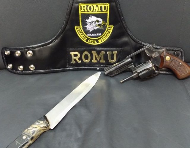 Em revista pessoal os guardas encontraram um revólver calibre 38 com numeração raspada, cinco munições intactas e uma deflagrada, além de uma faca.
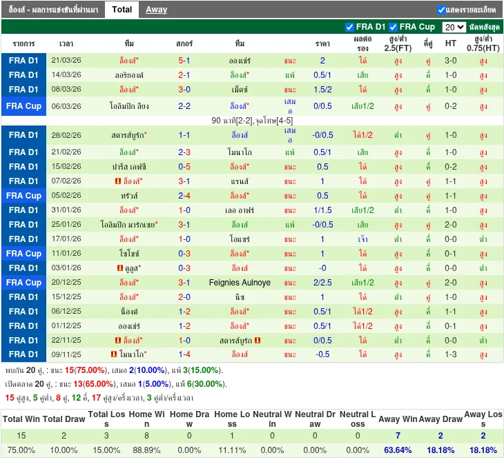 - 2026-03-08 | Ligue 1 | Lens vs Metz | 3 - 0 | Lens ชนะ
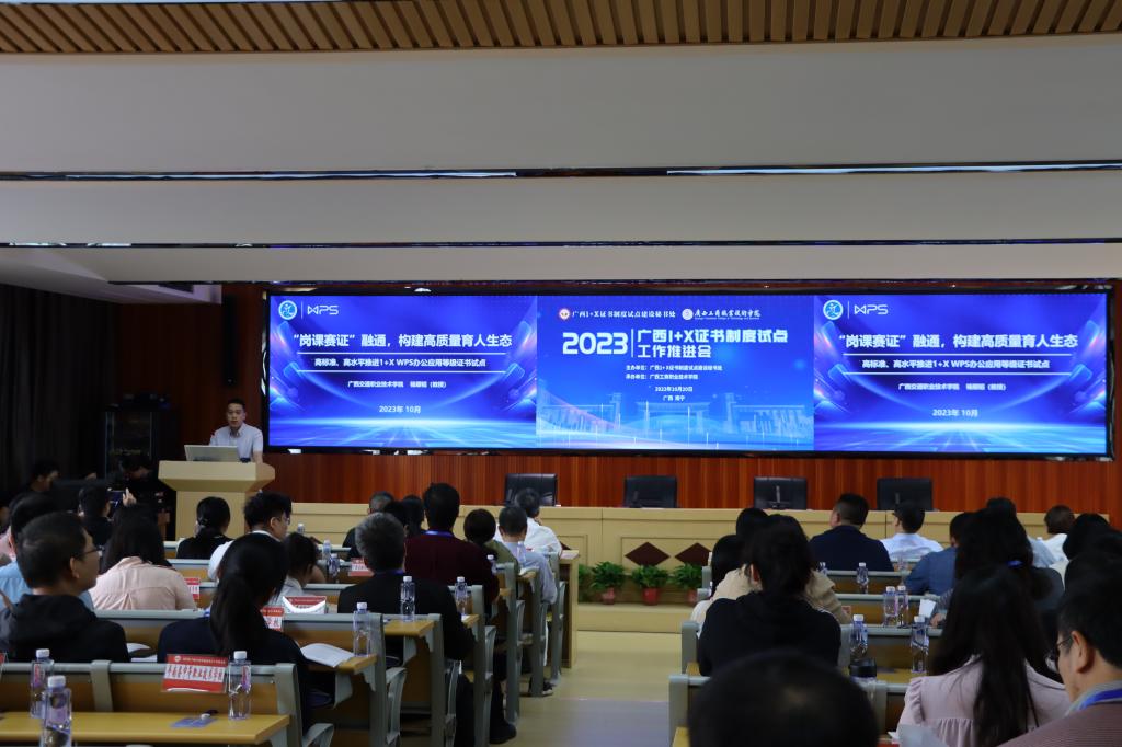 推进会上,杨顺韬书记以《“岗课赛证”融通,构建高质量育人生态——高标准、高水平推进1+X WPS办公应用等级证书试点》为主题,围绕1+X证书制度试点总体情况、“WPS办公应用”等级证书遴选、“岗课赛证”融通实施证书试点工作、成效及创新点等方面向全区各职业本科、高职院校和五星级中等职业学校的代表分享了我校在1+x证书制度试点工作推进中好的经验和做法。

## Work task
Everything in the listing, except its images, should be set down exactly.

## Output for this exercise
 Em revista pessoal os guardas encontraram um revólver calibre 38 com numeração raspada, cinco munições intactas e uma deflagrada, além de uma faca.
 - 2026-03-08 | Ligue 1 | Lens vs Metz | 3 - 0 | Lens ชนะ
 推进会上,杨顺韬书记以《“岗课赛证”融通,构建高质量育人生态——高标准、高水平推进1+X WPS办公应用等级证书试点》为主题,围绕1+X证书制度试点总体情况、“WPS办公应用”等级证书遴选、“岗课赛证”融通实施证书试点工作、成效及创新点等方面向全区各职业本科、高职院校和五星级中等职业学校的代表分享了我校在1+x证书制度试点工作推进中好的经验和做法。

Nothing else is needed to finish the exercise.